Инеж посмотрела через плечо как раз в тот момент, когда Каз переступил порог, вызвав особенно надоедливый скрип половиц. Его тяжелая трость производила больше шума, чем ноги, всё еще босые после их прогулки вокруг озера — прогулки, которую они променяли на иную деятельность после того, как Инеж скинула блузу и юбку, чтобы прыгнуть в чистую воду. Часть его волос по-прежнему была взлохмачена и очаровательно топорщилась — Инеж не знала, после ее рук или после того, как он поменял рубашку. Каз сразу заметил зерно на ее ладони и с любопытным блеском в глазах приподнял бровь.
— Что ты делаешь? — спросил он.
Инеж повернулась обратно к окну, чтобы он не видел улыбку на ее лице.
— Ничего.
Каз фыркнул, а потом медленно приблизился, половицы протестовали под его ногами у нее за спиной.
— Это худшая ложь, что ты когда-либо говорила мне.
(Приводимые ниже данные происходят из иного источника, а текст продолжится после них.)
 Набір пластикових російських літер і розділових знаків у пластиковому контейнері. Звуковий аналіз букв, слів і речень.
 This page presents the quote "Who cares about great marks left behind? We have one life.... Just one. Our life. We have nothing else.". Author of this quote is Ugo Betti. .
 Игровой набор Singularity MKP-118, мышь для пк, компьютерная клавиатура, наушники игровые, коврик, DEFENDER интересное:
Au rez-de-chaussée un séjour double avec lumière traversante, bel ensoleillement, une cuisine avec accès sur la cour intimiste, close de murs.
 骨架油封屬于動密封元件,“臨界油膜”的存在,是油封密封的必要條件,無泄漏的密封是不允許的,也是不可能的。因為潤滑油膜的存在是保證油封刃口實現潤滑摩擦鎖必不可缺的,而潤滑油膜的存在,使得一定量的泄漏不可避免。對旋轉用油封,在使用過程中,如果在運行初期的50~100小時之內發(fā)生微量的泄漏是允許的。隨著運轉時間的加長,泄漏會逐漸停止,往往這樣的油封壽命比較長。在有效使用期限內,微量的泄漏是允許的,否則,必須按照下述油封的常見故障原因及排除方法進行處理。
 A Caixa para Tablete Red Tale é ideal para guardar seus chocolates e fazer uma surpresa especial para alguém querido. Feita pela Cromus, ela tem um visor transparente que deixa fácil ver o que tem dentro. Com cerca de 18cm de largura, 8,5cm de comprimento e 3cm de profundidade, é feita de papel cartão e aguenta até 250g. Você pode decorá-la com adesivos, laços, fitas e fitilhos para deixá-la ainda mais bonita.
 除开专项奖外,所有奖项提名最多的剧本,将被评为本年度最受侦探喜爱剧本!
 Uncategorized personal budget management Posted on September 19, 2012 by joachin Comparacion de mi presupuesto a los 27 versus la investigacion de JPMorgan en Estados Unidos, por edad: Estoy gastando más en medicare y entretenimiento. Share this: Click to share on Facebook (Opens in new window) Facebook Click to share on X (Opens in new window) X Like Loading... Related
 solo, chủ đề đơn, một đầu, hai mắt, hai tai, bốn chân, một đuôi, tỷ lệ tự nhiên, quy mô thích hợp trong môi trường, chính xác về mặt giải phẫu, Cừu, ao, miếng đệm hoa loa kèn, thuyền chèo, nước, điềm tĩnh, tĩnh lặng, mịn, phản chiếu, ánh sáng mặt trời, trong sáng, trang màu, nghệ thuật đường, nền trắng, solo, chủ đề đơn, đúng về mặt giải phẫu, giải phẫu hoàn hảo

Хранишь секреты, жена моя?
Его голос потяжелел на последних словах, и Инеж усмехнулась, чувствуя, как потеплели щеки. Он любил называть ее так — и она любила, когда он это делал, зная, что он принадлежит ей, так же как и она — ему.
— Что ж, — вздохнула Инеж, позволив зернам просыпаться сквозь пальцы. — Думаю, ты всё равно узнаешь рано или поздно. Я пыталась кормить птиц.
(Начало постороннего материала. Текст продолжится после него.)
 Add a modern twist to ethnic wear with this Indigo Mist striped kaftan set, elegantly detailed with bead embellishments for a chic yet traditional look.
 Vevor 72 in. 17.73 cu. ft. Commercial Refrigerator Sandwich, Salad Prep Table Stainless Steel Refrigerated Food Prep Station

Каз остановился позади нее, кончик пальца без перчатки провел по ее спине. Он ничего не сказал. Инеж наклонила голову, забавляясь тем, что представляла выражение, которое, она знала, сейчас появилось на его лице — нахмуренные брови, слегка сморщенный нос.
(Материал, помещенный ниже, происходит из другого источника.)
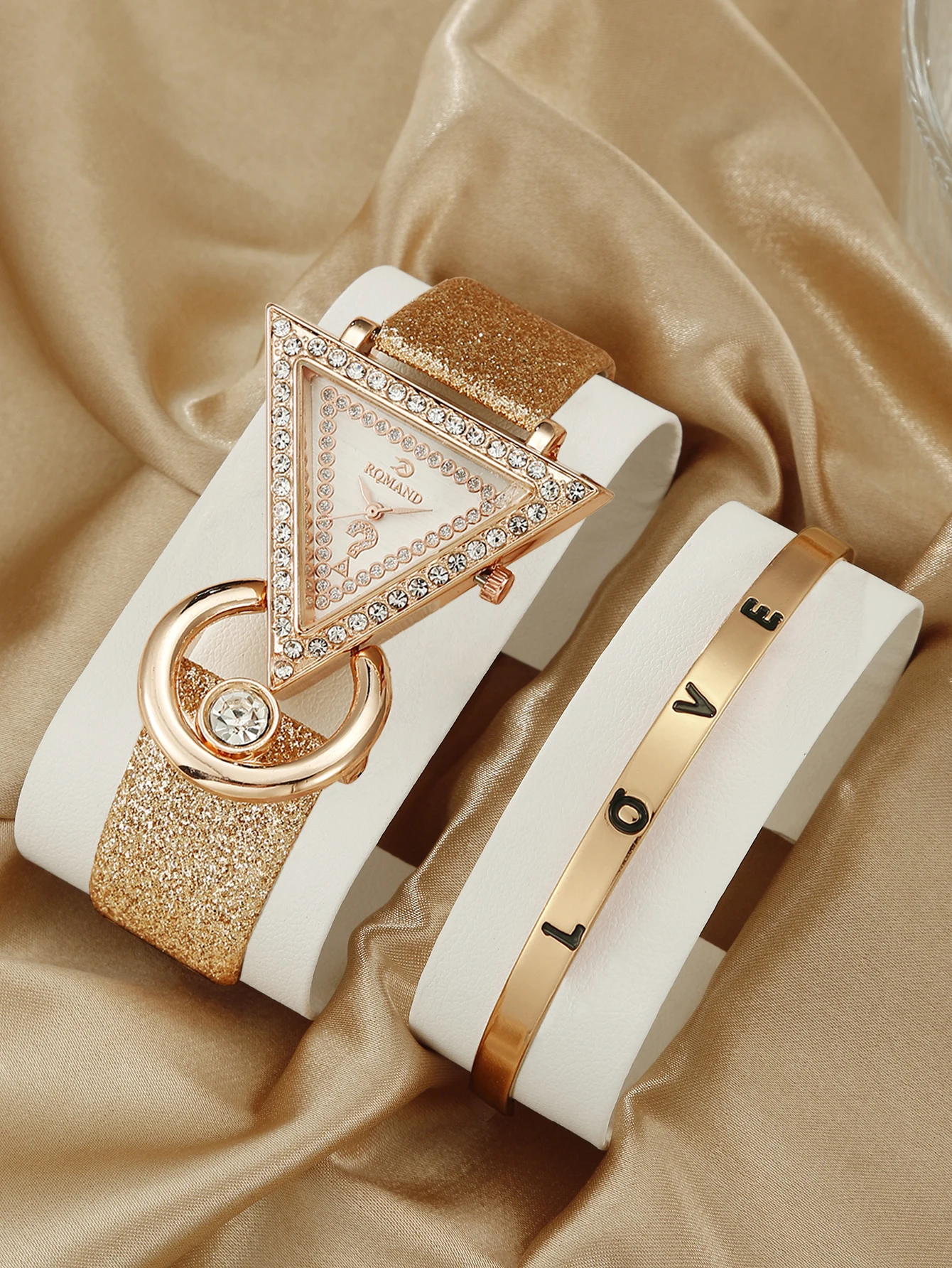 Simple and Personalized Light Luxury Women’s Quartz Watch+3 Piece Jewelry Set
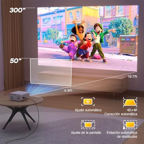 【Proyector 4K Con Autoajuste Sistema】Jimveo J61 es el primer proyector 4K equipado con un sistema inteligente de autoadaptación, que utiliza un algoritmo de red neuronal de inteligencia artificial para realizar correcciones y enfoques de imagen en tiempo real mediante el seguimiento automático de la posición del proyector. Reconoce con precisión el rango de la pantalla y se alinea automáticamente, evitando obstáculos como interruptores de pared y floreros sin perder la claridad de la imagen. Disfruta de una experiencia de visualización sin precedentes con la máxima facilidad.
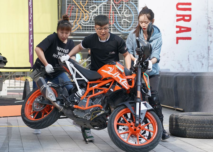 Participants move a motorcycle during a contest of the 2nd Glorious Plaza Motorcycle Cultural Festival in Xi'an, capital city of northwest China's Shaanxi Province, Sept. 22, 2019. (Xinhua/Shao Rui)

— Ну знаешь, — продолжила она, — чтобы они прилетали сюда и надоедали тебе, как вороны в Клепке. И тогда в мое отсутствие ты просто вынужден будешь думать обо мне.
Инеж ожидала ироничного ответа, какого-нибудь саркастичного замечания насчет того, что птиц в провинции не так легко завоевать, как грязных воронов, но вместо этого услышала только отчетливый стук упавшей на пол трости. Прежде чем она успела обернуться в уверенности, что увидит Каза распластанным у ее ног — отравленного чаем, который они пили тем утром в городском кафе, пронзенного ножом Паука, который каким-то образом проследовал за ними весь путь из глубин Кеттердама, — руки Каза сомкнулись вокруг нее. Он притянул ее к своей груди, отчего оставшиеся в пакете зерна в ее руке разлетелись по ветру.
— Я так сильно люблю тебя, знаешь? — прошептал он ей в волосы, его голос задрожал от смешка или, может, от чего-то еще.
Оправившись от удивления, Инеж взяла его запястье возле своей груди и мягко сжала, повернув голову, чтобы уткнуться носом ему в щеку.
— Да, я в курсе, — пробормотала она и ухмыльнулась, когда он захватил ее губы в глубоком поцелуе.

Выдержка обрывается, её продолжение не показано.